Pakistanlı Dr. İşan Hüseynî yaptığı büyük hizmetlerden dolayı ödül almak için uluslararası bir konferansa gidiyordu. Uçağa bindi.
Ancak havada bir arıza çıktı ve yıldırım çarpması sonucu uçak en yakın havaalanına inmek zorunda kaldı. Bir sonraki uçak 16 saat sonra kalkacaktı. Sinirlendi ve “O toplantıya muhakkak yetişmem lâzım. 16 saat bekleyemem” diye bağırdı.
Görevliler gideceği şehrin 6 saat uzaklıkta olduğunu ve isterse araba kiralayarak gidebileceğini söylediler. Aceleyle yola çıktı, ama aksilik bu sefer de yolda başlayan şiddetli yağmurdan göz gözü görmez olmuş ve selden dolayı araç gidemez olmuştu.
Yol kenarındaki eski bir evin kapısını çalıp hızla içeri girdi. Yaşlı bir kadın içeride oturuyordu. Telâş ve sür’atle ona “Telefonu verir misin? Hemen telefon etmem lâzım” dediğinde kadın tebessüm ederek dedi ki:
“Görmüyor musun evlâdım; ne telefonu? Burada ne telefon, ne elektrik var. Geç, dinlen, yemek ye, çay iç, sonra bak bu işlere.”

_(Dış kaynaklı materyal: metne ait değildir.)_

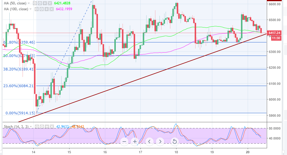 At the time of writing, BTC/USD is testing the short-term support at $6,400 coinciding with the trendline support. If this support is broken, the 61.8% support will come in handy. The next support target at $6,300 is strong enough to stop extended declines.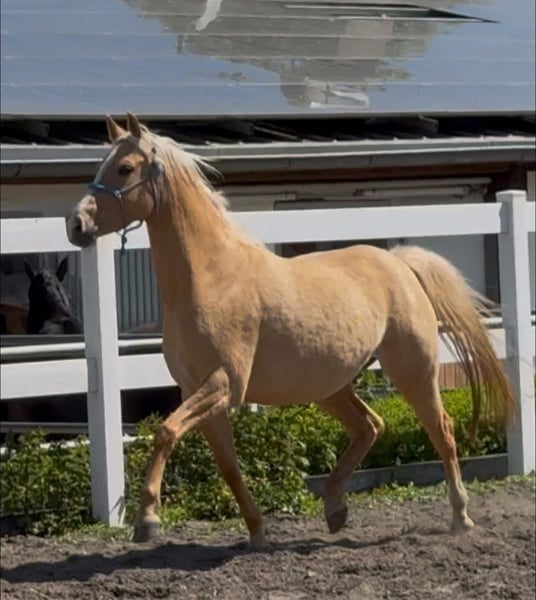 Prachtige, lieve en beweegingssterke dochter van Dating AT x Champion Deluxe. DARLING, zoals haar naam al aangeeft, is echt een klein goudschatje. Vanwege een verkleining van de voorraad bieden wij deze geweldige merrie helaas te koop aan. Ze kent het in- en uitladen van de trailer, poetsen, leiden en longeren. Zonder zadel hebben we al eens op haar gezeten. In december hebben we haar voor het eerst aangezadeld, en dat ging heel gemakkelijk. Ze is zo mega braaf en leert snel. En ze wil altijd graag gefallen. Dat maakt haar heel cool en relaxed. Ze heeft een heel lief karakter. Ze is regelmatig gevaccineerd, ontwormd en gechipt. Ze kent de hoefsmid die elke 6 weken komt en is daarbij zeer braaf. We wensen haar een geweldig thuis waar ze verder gestimuleerd wordt, want ze heeft kwaliteit in overvloed. Ze beschikt over drie prachtige gangen. Ze is een zeer nieuwsgierige en liefdevolle merrie die altijd haar beste kant wil laten zien. Vanwege haar uitstekende afstamming is ze zeker ook interessant voor de fokkerij. Ze is heel sociaal en kan goed overweg met elk ander paard. Bij ons is ze altijd gezond geweest en heeft de dierenarts alleen voor vaccinaties gezien. Voor meer vragen of interesse in video's van haar vrij lopen, kunt u contact opnemen via 01602294861.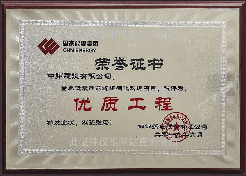 優(yōu)質(zhì)工程證書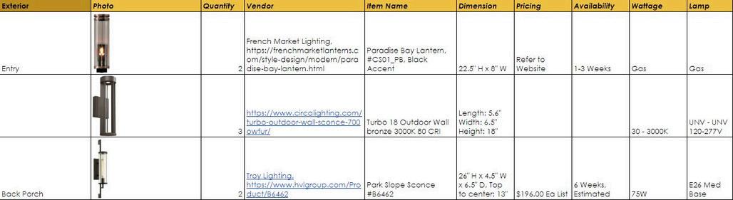 The Specification Worksheets are created to correspond with all aspects of the project. Each section notes are relevant to all pertinent information for location, manufacturer, finish, size, quantity and are provided to the builder and the homeowner. Purchaser of items are dependent on the agreement between all parties.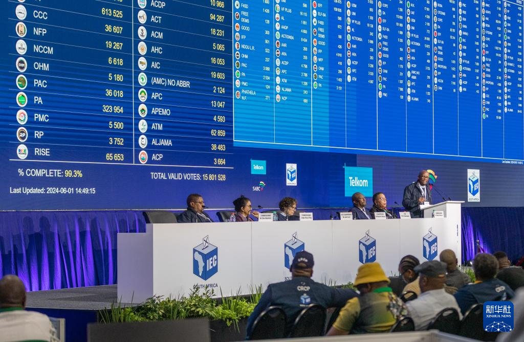 南非独立选举委员会6月1日发布的初步计票结果显示,执政党非洲人国民大会(非国大)在国民议会(议会下院)选举中获得40.25%的选票,位列第一。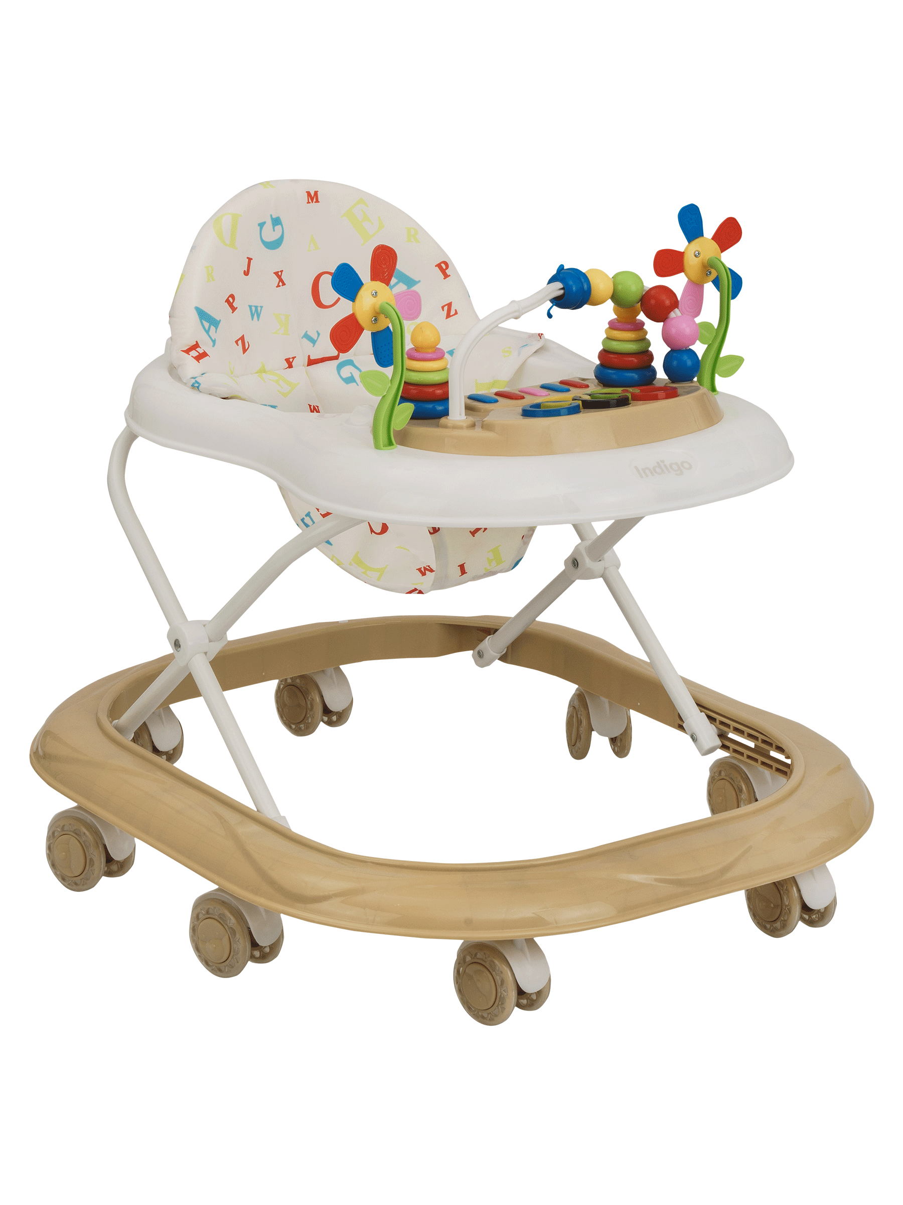 Ходунки музыкальные INDIGO ABC C, силиконовые колеса, подсветка, бежевый-белый информация: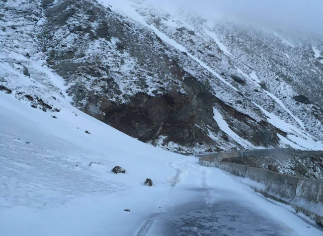0Cea mai înaltă şosea din ţară este în continuare impracticabilă, pentru că, la înălţimi de peste 2.000 de metri, drumul este acoperit cu zăpadă şi carosabilul este plin cu bolovani căzuţi de pe versanţi.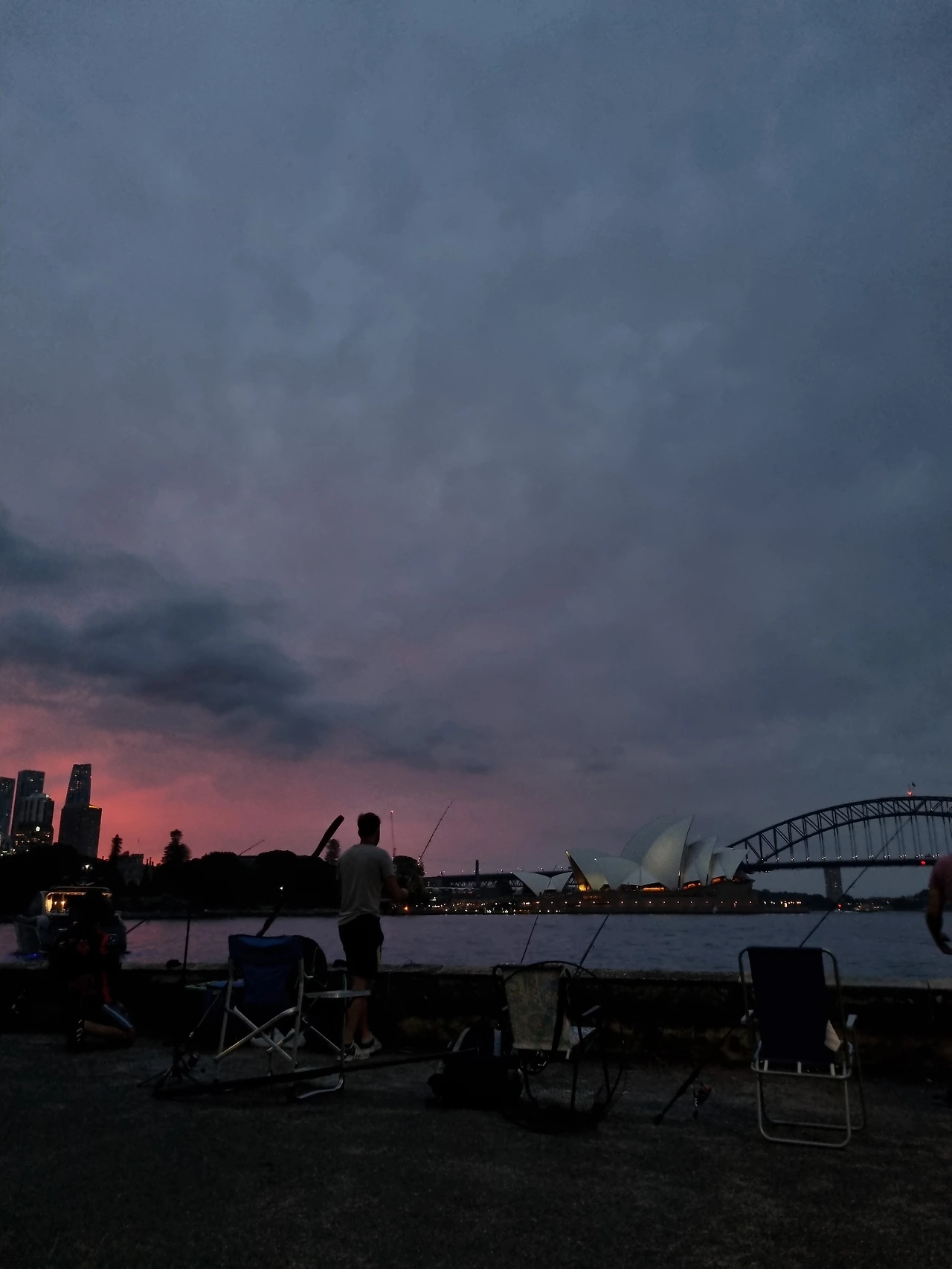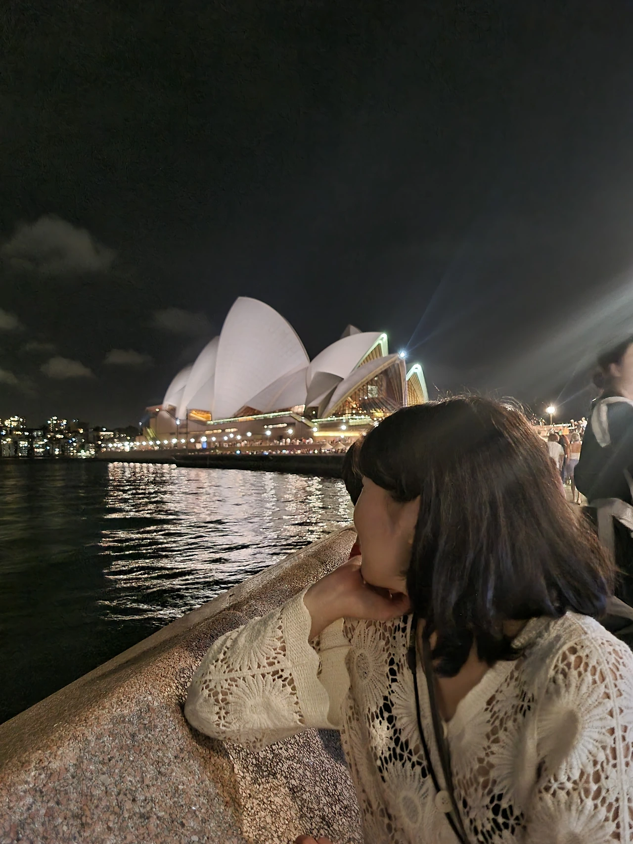원래는 투어를 마치고 바로 어제 계획한 피크닉을 하려고 했으나 힘이 모두 빠져서 숙소에서 잠시 쉬었다. 한 시간쯤 지났을까 친구와 나 둘 다 여행을 나오면 쉬기보단 돌아다니는 성격이라 이쯤 되었으면 나가자 하고 마트에 갔다. 피크닉 메뉴는 샌드위치였다. 빵과 햄, 치즈, 과일, 과자 등등을 사고 오페라 하우스가 보이는 공원으로 이동했다. 친구가 돗자리도 가지고 와서 잔디에 앉아서 피크닉을 할 수 있었다. 오페라 하우스 풍경의 피크닉이라니. 우리 바로 앞에서는 오페라 하우스를 풍경으로 낚시를 하고 있었다. 월척을 낚으셨을 땐 주변에 있는 모두가 환호해 줬다. 나름 재미있는 피크닉을 하고 걸어서 숙소에 돌아갔다. 그런데 영화제를 하고 있는 걸 발견했다. 오페라하우스가 있는 바다에 스크린을 띄워서 영화를 상영하고 있었다. 야외 상영에 잠시 우리도 계단에 걸터앉아서 잠시 봤다. 이 모든 상황이 영화 같았다. (사막 투어보다 재미있었던 것 같다. 하하)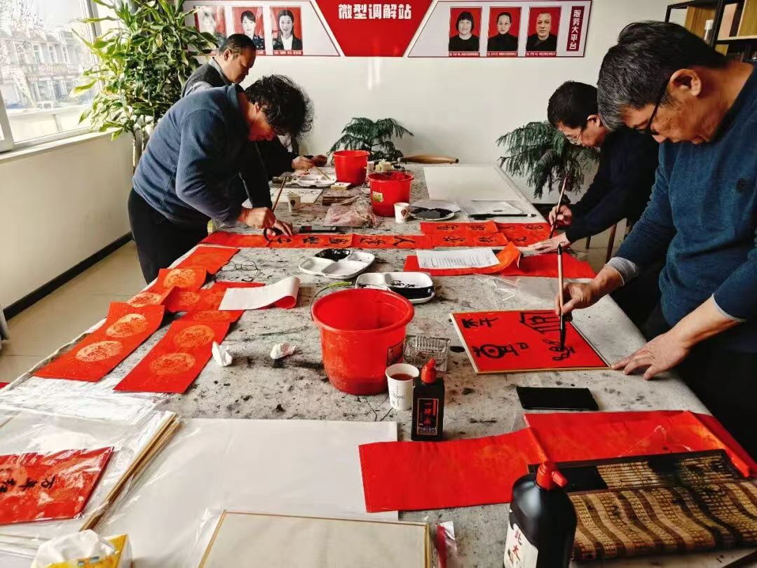 在东夏镇文化站,青州市美术家协会的成员们挥毫画笔创作山水、描摹花草,笔墨间藏尽春山黛色、繁花缀枝的盎然生机,一幅幅寓意吉祥的春联、一张张喜庆红火的福字,既是新春来临最诚挚的新年祝福,也是立春时节最温润的春日礼物,朱红底色衬着墨香雅韵,为东夏大地平添了浓浓的新春气息,让群众在笔墨书香中提前感受新年的喜悦与暖意……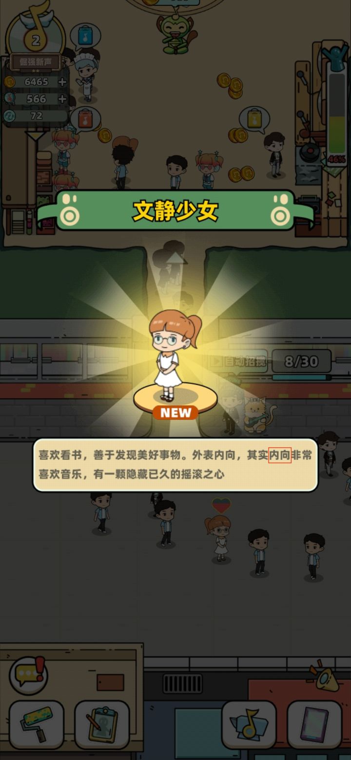 首先是道具吧,就开了餐吧之后任务也有解锁新菜谱,但是原材料要表演获得。舞池等级低,要表演只能慢慢攒球,一场都要等很久,更别说日任务的五场。开新菜谱的时候一个失误材料就没了,相当于我刚才攒的一波表演白费了。新曲子新乐器都要探寻得材料,但是探寻新角色之后因为材料不够,好感刷不完就只能卡在角色界面,不知道还有什么别的途径得到材料没有。然后就是广告,我个人是不太介意有广告的,模拟经营小游戏有广告支撑是很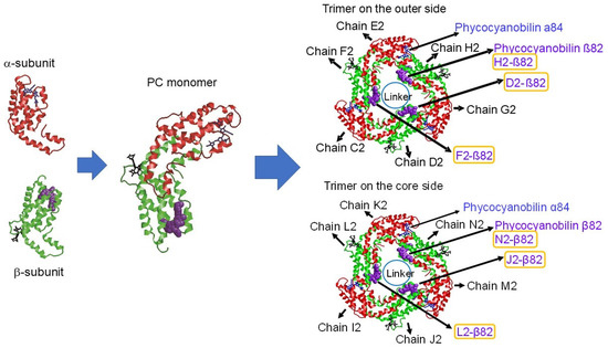 Schematic representation of α- and β-subunits, the phycocyanin (PC) monomer, and two PC trimers of the red alga Porphyridium purpureum phycobilisome (PBS). Proteins are depicted using cartoon representation. The chromophore bound to the 84th amino acid in the α-subunit (α84), the chromophore bound to the 82nd amino acid in the β-subunit (β82), and the chromophore bound to the 153th amino acid in the β-subunit (β153) are depicted using blue stick, purple spacefill, and black stick representations, respectively. The corresponding Protein Data Bank (PDB) ID for the structure is 6KGX.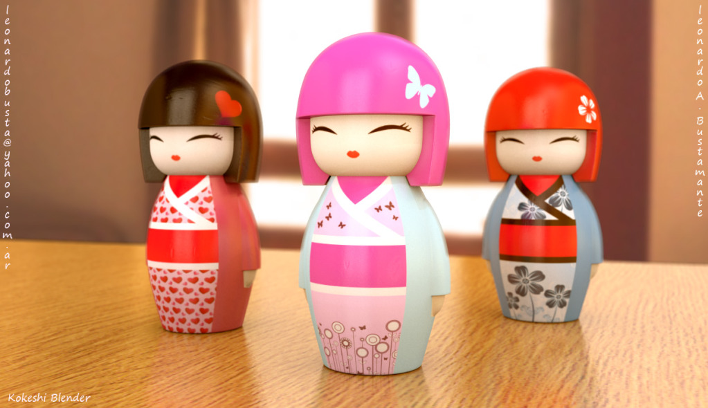 Este es un trabajo que realicé inspirado en las tradicionales muñecas japonesas kokeshi. Su tradición se remonta al período edo (1603-1867) en que los artesanos de la época, conocidos como kijiya (palabra japonesa qué significa ebanista).
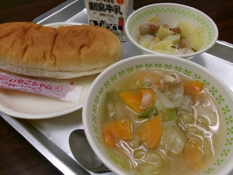 「コッペパン、牛乳、春野菜スープ、ウインナーポテト、いちごジャム」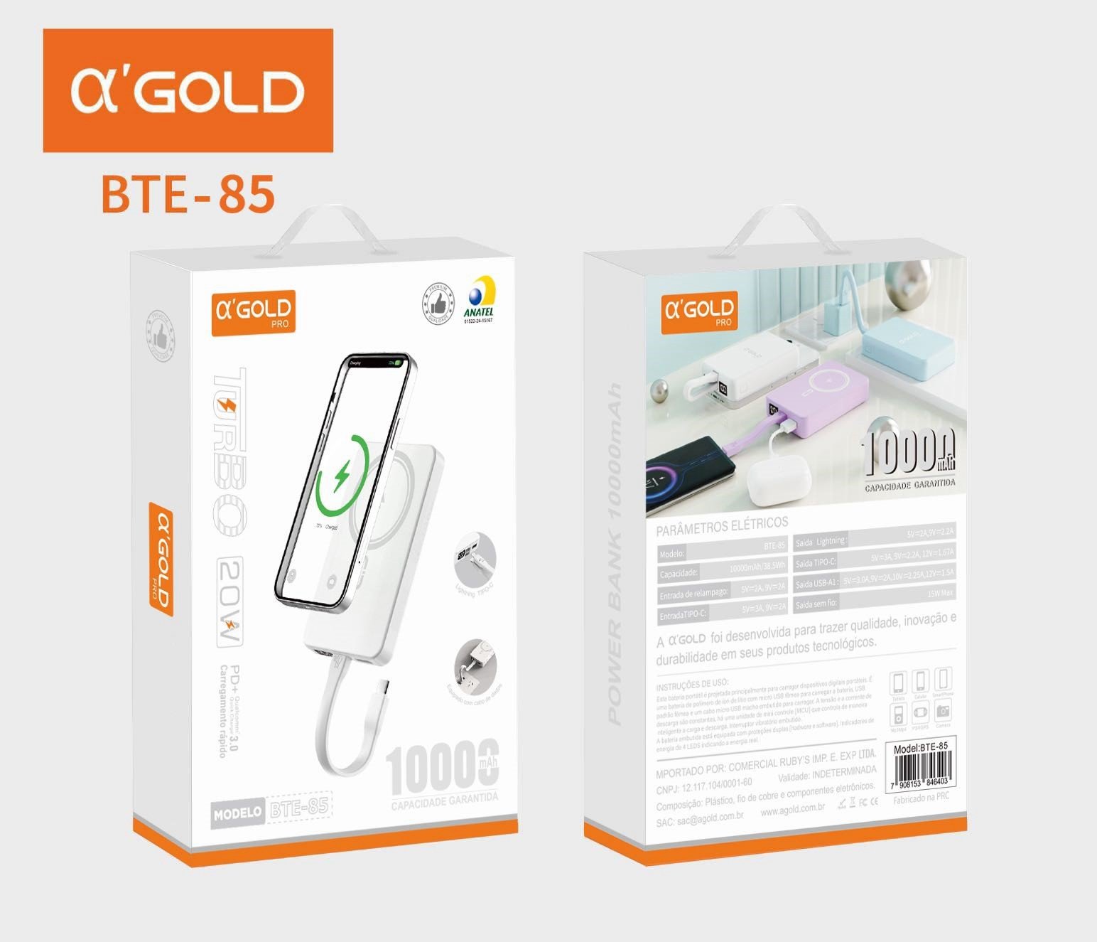 Carregador portátil A’Gold BTE-85 10000mAh cabo e indução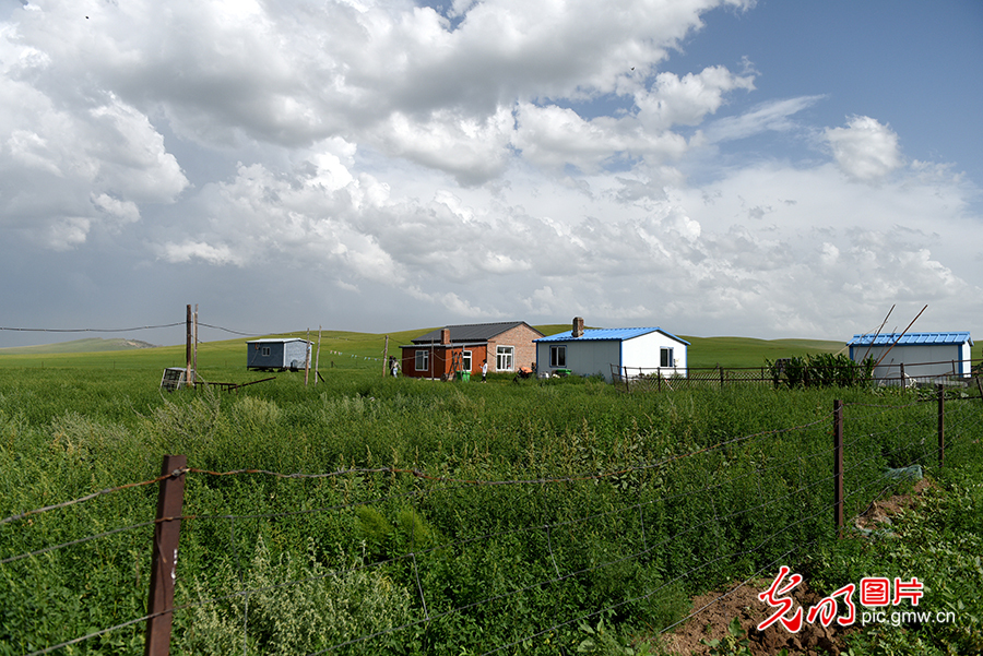 在其日麥拉圖家附近還有三所小房子,這是其日麥拉圖給自己的三個兒子準(zhǔn)備的。“兒子們都在旗里買了新房子、新車子,有時候也會帶著兒媳婦、孫子來牧場,和我們一起養(yǎng)牛、養(yǎng)馬?!眻D為2020年8月2日,其日麥拉圖家。(潘迪攝/光明圖片)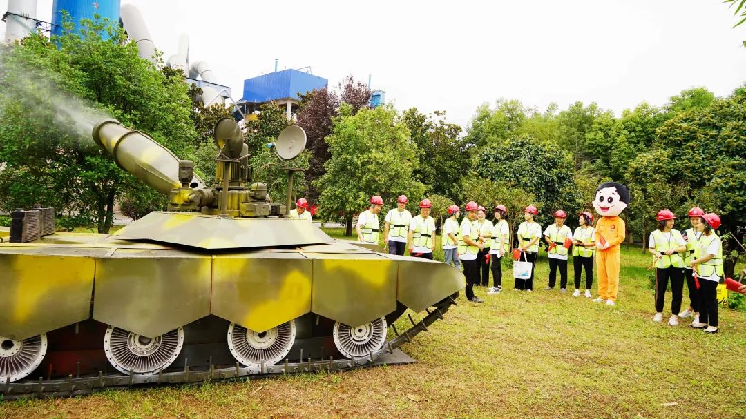 一台威风凛凛的喷水吐雾的“坦克”吸引了众人的目光,这是卧龙中联利用废旧材料自行设计制作 青青草影视高清,寓意积极践行“材料创造美好世界”的企业使命和绿色环保低碳新理念,在高质量发展的新征程上攻坚克难,勇往直前。

Hüseynî çaresiz oturdu, yemek yedi ve çayını yudumlarken yaşlı kadın namaz kılıp uzun dualar etti. Dikkatle baktığında kadının bir beşiği salladığını ve beşikte bir bebeğin hareketsiz durduğunu görüp sordu:
“Kimin bu bebek anacığım? Hayırdır, bu kadar uzun uzun ağlayarak dualar ettin...”
Yaşlı kadın:
“Hem annesi, hem de babasından yetim ve öksüz olan torunum. Ağır hastalığı var. Buralardaki hiçbir doktor çaresini bulamadı. ‘İşan Hüseynî adlı bir doktor var. Çaresi ondadır’ dediler. Ancak çok uzakta olduğundan birkaç gündür Allah’a dua ediyorum ki Allah bu bebeğin işini kolaylaştırsın.”
Bunun üzerine doktor ağlayarak dedi ki:
“Kalk anacığım. Allah duanı kabul etti. Senin duan yıldırımlar çaktırıp uçağı yere indirdi. Seller akıttı ve sonunda beni size ulaştırdı. Dr. İşan Hüseynî benim. Allah’ın kullarına böylece isteğini ulaştıracağına kalpten iman ettim. Bütün yollar kapanınca yeri göğü Yaratana sığın. Onun tek iltiması duaya.”